Congratulations to our dear friend and long term collaborators  Sir Richard J. Roberts for being selected to the US National Academy of Sciences. Of course, Rich received numerous awards and recognition including a Nobel.

 

 

Congratulations to Brian Haas on his paper in Cell Reports Methods.  The paper introduces the novel concept of inspectors.

 

Professor Simon Kasif is on long sabbatical. Expect delays in communication.  We continue our efforts to bridge AI, Biology and Medicine.  With an emphasis on radical or early innovation.   We obviously continue to consult to applied projects in the space  of AI, Computational Biology, Bioinformatics, Machine Learning and Biotechnology and advise companies or institutions in a BROAD range of AI2BIOMED.

 

We lost Bill Russell.  I don’t track any specific team in the NBA but I follow players that made a difference, changed the game and/or showcased broader views that touch all of us.  Examples include Michael Jordan, Julius Irving, Kareem Abdul-Jabbar, Magic Johnson, Steph Curry and of course Bill Russell. 

Most people remember him for his role in 11 championships.  Others remember him for his role in changing the game of basketball and his strong stance against racism.

 

Congratulations to Adam Phillippy for being selected for Time 100 Person of the Year

This work by Adam and his collaborators is just great science: fundamental, ambitious and what a service to the broader community!  It also showcases an intellectual transformation manifested by computational scientists co-leading major genomic efforts – not “just” method development. It follows decades of computational scientists such as Charles Delisi starting the human genome project, Aviv Regev co-leading the human Cell Atlas (and more) and Tarjei Mikkelsen co-leading the first draft of the Chimp Genome paper.  All three are among our closest collaborators and I cannot be more proud of their accomplishments.

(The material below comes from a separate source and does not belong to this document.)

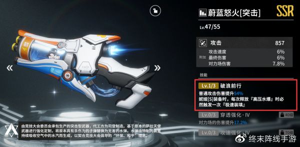 武器选择上自然是有条件的直接上专属武器蔚蓝怒火即可,对队伍的伤害加成能力是最高的,装甲套装则推荐能够提升其技能刷新循环或是增加暴击爆伤的套装,来进一步增加她的输出能力。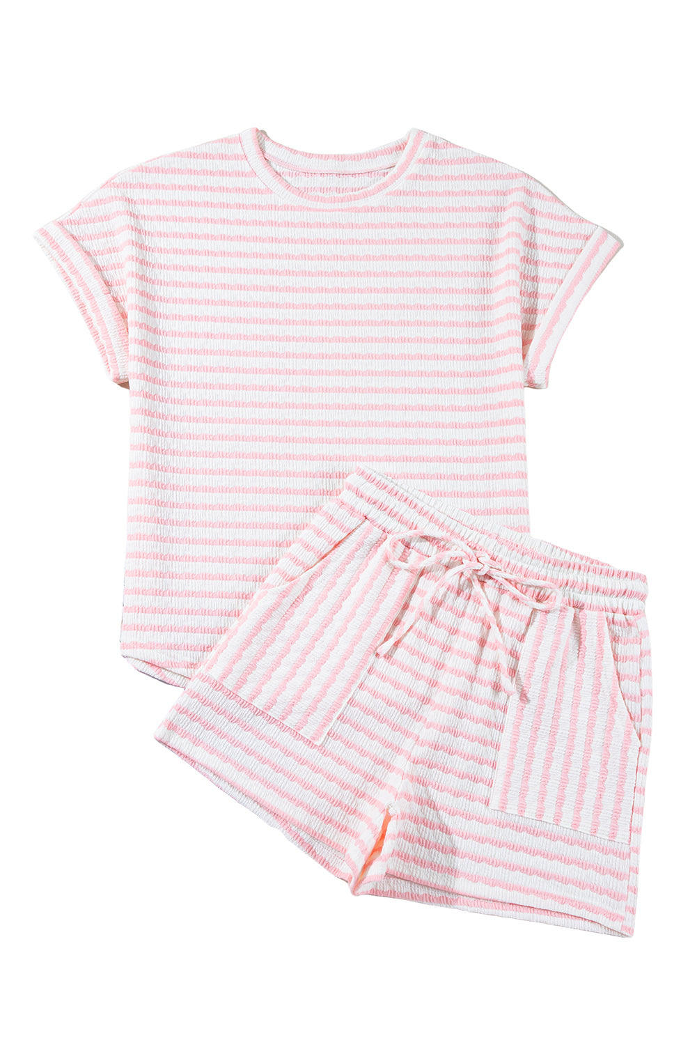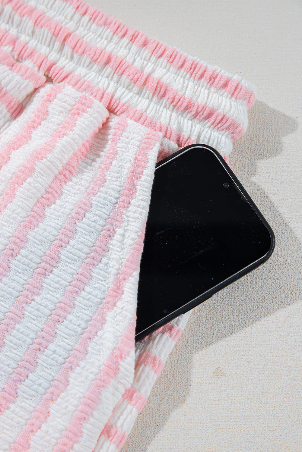 Pink Striped Short Sleeve Top and Pocket Shorts Set

But there are so many others including computational scientists or engineers doing deep biology or biotechnology.  Not to mention the computational work that enables transformative discovery and invention such as Koonin  & Makarova et al and others.

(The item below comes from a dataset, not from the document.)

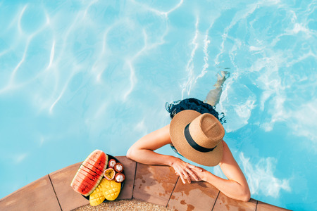 Woman relaxing at swimming pool, summer vacation concept

We are seeing a real convergence of biological and computational sciences of remarkable future significance.  AI will just make it converge faster and with higher impact. 20+ years ago many speculated that biology would become an “information science”.  Many of us felt (even then) that this is not the most ambitious or imaginative vision of the genomic revolution.   We were naive but right :)

 

Our colleague and collaborator Charles DeLisi does not rest on his laurels. He just organized a transformative workshop proposing a focus on synthetic biology for climate change.

 

Congratulations to Jeff Law, T.M. Murali, Catherine Della Santina and all the collaborators (including multiple people at  VT, BU, UCLA, etc) on their publication of drug repositioning targets for covid-19 using interpretable network propagation

 

Congratulations to Jonathan Dreyfuss and ME Patti at Joslin Diabetes Center at Harvard Med on the Nature Communication paper. This causality effort started many years ago (joint BU/Harvard) but was completed and published with a heroric effort by ME Patti (her lab) and Jonathan Dreyfuss both at Joslin Diabetes Center. 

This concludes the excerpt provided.